論文「過去からの警告」GHQフォレスターの憂鬱

たまたま、日本森林学会誌に掲載されていた論文過去からの警告~1947年GHQフォレスターによる国有林やの未来予想~(太田伊久雄・愛媛大学農学部)を読んだ。

いや、これが面白い(^^;)。内容は、日本の官僚行政の問題点を鋭く突いている。

太平洋戦争後、アメリカを中心とする占領軍総司令部(GHQ)は、日本の各産業の細部を調査している。林業も例外ではない。そこに送り込まれた一人が、アメリカのフォレスターであるリチャード・ヴァーネイ海軍中尉である。

そこで彼が見てきたものを、後に論文としてまとめている(「日本における林務官の地位」1947年)のだが、一種のルポと言ってよい。それを取り上げて、日本の戦後林政を振り返るというのが、この論文の趣旨である。

ヴァーネイは、山林局(現在の林野庁)の熊本営林局を訪ねた様子から記している。その日、そこでは林務官の選考試験(口頭試問)が行われていた。出席者は、二人の副森林局長。一人は技術者上がり。林学について深い知識と経験がある。また多くの部下から慕われている。もう一人は財務・経理担当で、東京帝大法学部出身の高級官僚。林学が専門ではなく、ヨーロッパ留学経験者。

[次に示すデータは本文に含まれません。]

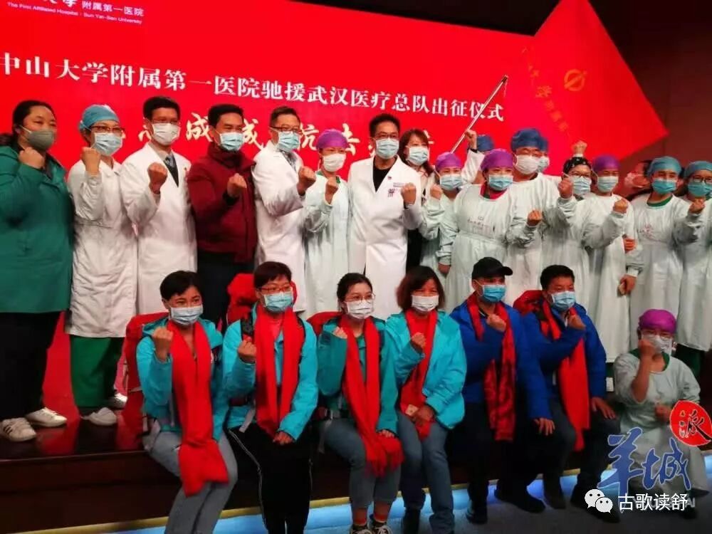 这样的士气,这样的队伍,正是当年我关羽所忽略的,否则哪轮到吕蒙这厮…… 关二哥呀,你可知道,这次规模甚大的前后两批荆州援兵团,战士来自全广东最坚实的力量。 从2月10日第一批的108位“白衣战士”的集结,到紧接着第二天再出发的247位逆行勇士,两天实现支援全覆盖。 其中,第一批勇士主要来自除夕夜刷遍全地球之“千人请战书”背后的南方医院,为85人,再度震撼人心! 南方医院党委书记朱宏亲自带队,任此次援助荆州的广东队前方副总指挥。 朱宏书记更是在出发仪式上宣读誓言:再度披甲赴荆楚,不灭“新冠”终不还! 让我想起了传颂千古的“黄沙百战穿金甲,不破楼兰终不还”之豪言壮语! 前方总指挥为广东卫健委党组副书记黄飞,黄书记对荆州疫情作科学研判后,果断作出了首批队伍先下沉到尤为严重的县级市洪湖市的援助。 2月12日凌晨,集结广东省属委属医疗卫生机构及15个地市共247人的第二批支援荆州医疗队抵达。根据前方指挥部的部署,结合荆州市全市状况,精准对接各地“缺口”,科学分配人员力量进行援助。 所有人员经上午培训后马不停地奔赴各地开展救助工作。 其中238名队员分赴各地,指挥部派出1名领队率队下沉。 派驻荆州市中心医院的医疗组由南方医科大学第五附属医院的9人组成; 派驻荆州市第一人民医院的队员由韶关市(16人)和广州市(5人)的21人医疗团队组成; 派驻荆州市第三人民医院的医疗队由韶关市的2名队员负责; 派驻松滋市的队员由中山市(15人)、肇庆市(19人)及广东药科大学附属第一医院(3人)的医疗团队37人组成; 派驻公安县的队员,则是来自江门市(13人)、梅州市(17人)、云浮市(12人)一共38人的医疗团队组成; 派驻石首市的队员,来自湛江市(17人)、潮州市(15人)、河源市(17人)医疗团队组成,一共53人; 派驻监利县的则是来自珠海市(16人)、阳江市(16人)、清远市(16人)的48人医疗团队。 在队员们出发前,发生了动人一幕,广东援助荆州医疗队前方总指挥黄飞为大家深情勉励,一番平凡话语道出了广东队的不平凡。 “我们召之即来,来之能战,战之能胜,我们是勇敢的队伍,大家要勇往直前,同时要确保安全。疫情就是命令,时间就是生命,我们要争分夺秒,为控制疫情、救治病人争取最宝贵的时间。我们都是战士,我们代表广东风格、代表广东水平、带着广东爱心奔赴前线。” 队员们为之动容大受鼓舞,高呼:“荆州加油!湖北加油!中国加油!” 就在刚刚,今天下午,又一支来自广东佛山的“飞虎队”出现,320人的医疗队包机飞赴武汉!黄飞鸿故乡、叶问故乡…… 这个集结力量奔赴兄弟省市支援,新中国成立以来,想必首次,悬壶济世淋漓尽致! 这其中,除了南方医,在整个对湖北支援队伍中,规模最大的为中山大学各附属医院,从一院到六院,超过了500人的医护阵容,被全国网友誉为“无敌中山医”! 对于武汉人民,对于荆州人民,想必定是一股暖心之流,连广东人自己看了,都觉得是强心之剂,羡慕得不要不要…… 毕竟,此时得知荆州人民更需要呵护我们生命与健康的白衣天使,也为广东的强大力量倍感骄傲与幸福! 武汉胜利,就是湖北胜利,湖北胜利就是全国胜利。低调务实更有着大爱义举的广东人而言,都很想对湖北人民、荆州人民说声:毋用使惊(别害怕)! 我们广东白衣战士豪华团借你一用,“不用人情不用利息”,只要让他们健健康康凯旋归来便是…… 曾经,有篇刷屏的文章叫“我不敢看武汉人的朋友圈”,今天我可以告诉你,我不敢看“广东队的医疗日记”,每次看每次泪,说不怕是假的,但那种“向死而生”的精神至今回荡。 医护人员中,女性剪断长发,剪断头发那一刻发出的声音,姑娘们自嘲这是心碎的声音。 男性剃成平头光头,胡国栋医师更是表示:疫情不除,头发不留 每天全身包裹严实防护服,8小时不喝水不进食,小便用尿不湿,脱下防护服全身湿透; 护士多为90后身影,“非典时,我们是孩子,现在长大了,轮到我们守护你们的时候了……” 来自广州中山三院的内科ICU护士朱海秀是首批援助湖北的最年轻队员,97年的她来武汉前不敢告诉父母,在前线日记中写下:“虽然我也怕,我还没看够祖国的大好山河,还未实现带父母旅行的诺言,但于国家,我是名党员,要勇敢、敢奉献。于医护人员,救护病人是我的职责。无论什么身份,我们都是中国人。” 中山三院队友张晓玲为朱海秀在防护服上画了个带笑脸的太阳 来自高州市人民医院的黄燕,与另9名护士战斗在武汉金银潭医院,10人中分别来自揭阳的普宁市人民医院及茂名的高州市人民医院。7人为90后,最小的仅23岁,被病患们亲切称为“广东十朵金花”。 在汉口医院,来自广州中山六院的外科护长刘爱红和医疗队一行16人,仅在一个早班就为患者换了近两百个液体瓶,加药、输液连口气都不敢喘。护士们身兼数职,既是护士、护工,还是清洁工,这还不算,最最重要的是,用自己强大的内心给患者做起了心理咨询师,安抚与鼓励,希望与坚毅,成了助力患者自身战胜疫情的良药。 姚麟,广州中山六院副院长,作为广东省第二批支援湖北医疗队队长,事无巨细,亲自为队员们挂衣服的钉子,化身全能战士,“钉子”精神突显。 2月8日,元宵节,武汉的汉口医院,广东队接管的两个病区,共有30名患者出院。他们终可在这天与家人团聚,而医疗队员们却一如既往继续战斗。出院时,有人激动地说,这一次真的使死里逃生。

……というような陣容で試験が始まるのだが、そこは省略して、ようするに日本の官僚組織には、技官と事務官がいることを紹介しつつ、彼らの将来歩む道を解説する。

言いたいことは、技官には出世の壁があること。そして組織を牛耳るのは、林業を知らない事務官であることが語られる。

東京にある山林局本庁の長官は、帝国大学法学部出身で林学の教育もなく知識もほとんどない高級官僚である」。そして課長や営林局長クラスも大半が法学出身者で占められていると記す。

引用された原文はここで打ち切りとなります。